■ **Task details**
Give back exactly the lines of the data below, starting with the line that has "The Global Tee" and going on through the line that has "s1 = pd.Series(np.random.randn(5), name='this_is_name')".

■ **Task material**
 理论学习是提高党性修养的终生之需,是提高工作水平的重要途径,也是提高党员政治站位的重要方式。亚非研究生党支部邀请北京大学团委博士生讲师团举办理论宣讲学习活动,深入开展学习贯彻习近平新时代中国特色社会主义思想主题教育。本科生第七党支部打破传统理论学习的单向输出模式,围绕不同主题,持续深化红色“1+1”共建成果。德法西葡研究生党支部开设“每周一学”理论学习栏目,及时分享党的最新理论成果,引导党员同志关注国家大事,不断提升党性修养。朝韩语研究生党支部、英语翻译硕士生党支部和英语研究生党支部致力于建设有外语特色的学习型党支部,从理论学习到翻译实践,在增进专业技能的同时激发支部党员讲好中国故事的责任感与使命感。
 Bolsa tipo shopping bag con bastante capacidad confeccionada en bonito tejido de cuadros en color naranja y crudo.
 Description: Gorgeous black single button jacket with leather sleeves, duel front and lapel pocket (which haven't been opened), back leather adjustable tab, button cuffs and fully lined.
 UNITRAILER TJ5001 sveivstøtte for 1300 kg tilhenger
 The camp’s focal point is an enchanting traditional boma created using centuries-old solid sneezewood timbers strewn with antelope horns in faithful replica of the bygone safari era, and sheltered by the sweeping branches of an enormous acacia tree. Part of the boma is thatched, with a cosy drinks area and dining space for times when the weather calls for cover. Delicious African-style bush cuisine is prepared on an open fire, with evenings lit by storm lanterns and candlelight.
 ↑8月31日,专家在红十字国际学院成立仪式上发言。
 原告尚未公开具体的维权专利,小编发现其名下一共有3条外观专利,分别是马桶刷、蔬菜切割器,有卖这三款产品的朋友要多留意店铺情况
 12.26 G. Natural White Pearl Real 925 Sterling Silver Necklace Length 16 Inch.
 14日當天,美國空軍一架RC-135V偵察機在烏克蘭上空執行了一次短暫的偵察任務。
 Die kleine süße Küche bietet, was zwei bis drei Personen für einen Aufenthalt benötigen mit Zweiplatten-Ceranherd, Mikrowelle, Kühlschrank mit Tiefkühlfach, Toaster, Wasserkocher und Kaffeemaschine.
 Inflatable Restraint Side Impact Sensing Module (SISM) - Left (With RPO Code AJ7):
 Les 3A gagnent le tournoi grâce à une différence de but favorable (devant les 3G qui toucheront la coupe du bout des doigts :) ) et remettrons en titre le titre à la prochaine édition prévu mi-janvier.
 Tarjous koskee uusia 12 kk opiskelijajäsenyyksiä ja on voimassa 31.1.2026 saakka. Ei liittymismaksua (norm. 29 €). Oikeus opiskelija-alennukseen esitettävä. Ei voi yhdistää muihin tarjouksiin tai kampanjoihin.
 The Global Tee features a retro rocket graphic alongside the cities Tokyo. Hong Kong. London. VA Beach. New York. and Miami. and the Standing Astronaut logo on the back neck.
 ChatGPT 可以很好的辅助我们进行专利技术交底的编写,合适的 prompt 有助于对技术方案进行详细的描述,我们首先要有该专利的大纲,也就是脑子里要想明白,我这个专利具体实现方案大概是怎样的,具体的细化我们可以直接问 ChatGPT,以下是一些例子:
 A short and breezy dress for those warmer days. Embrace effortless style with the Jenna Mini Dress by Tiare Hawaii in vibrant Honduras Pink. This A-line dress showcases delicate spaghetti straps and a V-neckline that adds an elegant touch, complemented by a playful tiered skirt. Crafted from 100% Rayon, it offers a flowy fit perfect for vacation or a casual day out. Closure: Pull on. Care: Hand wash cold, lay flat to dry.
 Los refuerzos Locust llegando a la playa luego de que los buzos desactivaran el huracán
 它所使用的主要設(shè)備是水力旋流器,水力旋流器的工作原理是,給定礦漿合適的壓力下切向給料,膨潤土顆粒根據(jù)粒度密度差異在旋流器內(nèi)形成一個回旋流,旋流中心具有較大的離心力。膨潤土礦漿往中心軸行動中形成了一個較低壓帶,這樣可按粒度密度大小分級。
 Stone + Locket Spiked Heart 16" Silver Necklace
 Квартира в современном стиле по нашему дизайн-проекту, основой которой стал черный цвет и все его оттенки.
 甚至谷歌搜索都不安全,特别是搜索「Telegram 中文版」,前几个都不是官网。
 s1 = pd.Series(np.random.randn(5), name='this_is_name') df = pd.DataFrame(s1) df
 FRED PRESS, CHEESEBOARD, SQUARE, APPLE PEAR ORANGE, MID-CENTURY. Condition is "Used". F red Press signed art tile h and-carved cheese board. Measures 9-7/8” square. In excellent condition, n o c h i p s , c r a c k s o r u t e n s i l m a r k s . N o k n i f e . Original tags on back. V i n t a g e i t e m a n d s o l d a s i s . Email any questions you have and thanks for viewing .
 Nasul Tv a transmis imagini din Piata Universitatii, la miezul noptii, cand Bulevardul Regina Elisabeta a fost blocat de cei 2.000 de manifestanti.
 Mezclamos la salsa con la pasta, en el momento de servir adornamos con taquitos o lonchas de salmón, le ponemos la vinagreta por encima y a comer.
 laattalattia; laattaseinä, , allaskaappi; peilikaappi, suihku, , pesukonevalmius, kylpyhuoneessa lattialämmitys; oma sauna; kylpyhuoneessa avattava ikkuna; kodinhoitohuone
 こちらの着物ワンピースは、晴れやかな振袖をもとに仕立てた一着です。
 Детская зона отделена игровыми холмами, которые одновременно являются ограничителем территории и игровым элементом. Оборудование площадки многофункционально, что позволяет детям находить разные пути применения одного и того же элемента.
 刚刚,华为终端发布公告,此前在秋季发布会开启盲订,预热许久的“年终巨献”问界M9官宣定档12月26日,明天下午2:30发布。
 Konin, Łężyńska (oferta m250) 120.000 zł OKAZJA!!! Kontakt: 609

■ **Solution for this problem**
 The Global Tee features a retro rocket graphic alongside the cities Tokyo. Hong Kong. London. VA Beach. New York. and Miami. and the Standing Astronaut logo on the back neck.
 ChatGPT 可以很好的辅助我们进行专利技术交底的编写,合适的 prompt 有助于对技术方案进行详细的描述,我们首先要有该专利的大纲,也就是脑子里要想明白,我这个专利具体实现方案大概是怎样的,具体的细化我们可以直接问 ChatGPT,以下是一些例子:
 A short and breezy dress for those warmer days. Embrace effortless style with the Jenna Mini Dress by Tiare Hawaii in vibrant Honduras Pink. This A-line dress showcases delicate spaghetti straps and a V-neckline that adds an elegant touch, complemented by a playful tiered skirt. Crafted from 100% Rayon, it offers a flowy fit perfect for vacation or a casual day out. Closure: Pull on. Care: Hand wash cold, lay flat to dry.
 Los refuerzos Locust llegando a la playa luego de que los buzos desactivaran el huracán
 它所使用的主要設(shè)備是水力旋流器,水力旋流器的工作原理是,給定礦漿合適的壓力下切向給料,膨潤土顆粒根據(jù)粒度密度差異在旋流器內(nèi)形成一個回旋流,旋流中心具有較大的離心力。膨潤土礦漿往中心軸行動中形成了一個較低壓帶,這樣可按粒度密度大小分級。
 Stone + Locket Spiked Heart 16" Silver Necklace
 Квартира в современном стиле по нашему дизайн-проекту, основой которой стал черный цвет и все его оттенки.
 甚至谷歌搜索都不安全,特别是搜索「Telegram 中文版」,前几个都不是官网。
 s1 = pd.Series(np.random.randn(5), name='this_is_name') df = pd.DataFrame(s1) df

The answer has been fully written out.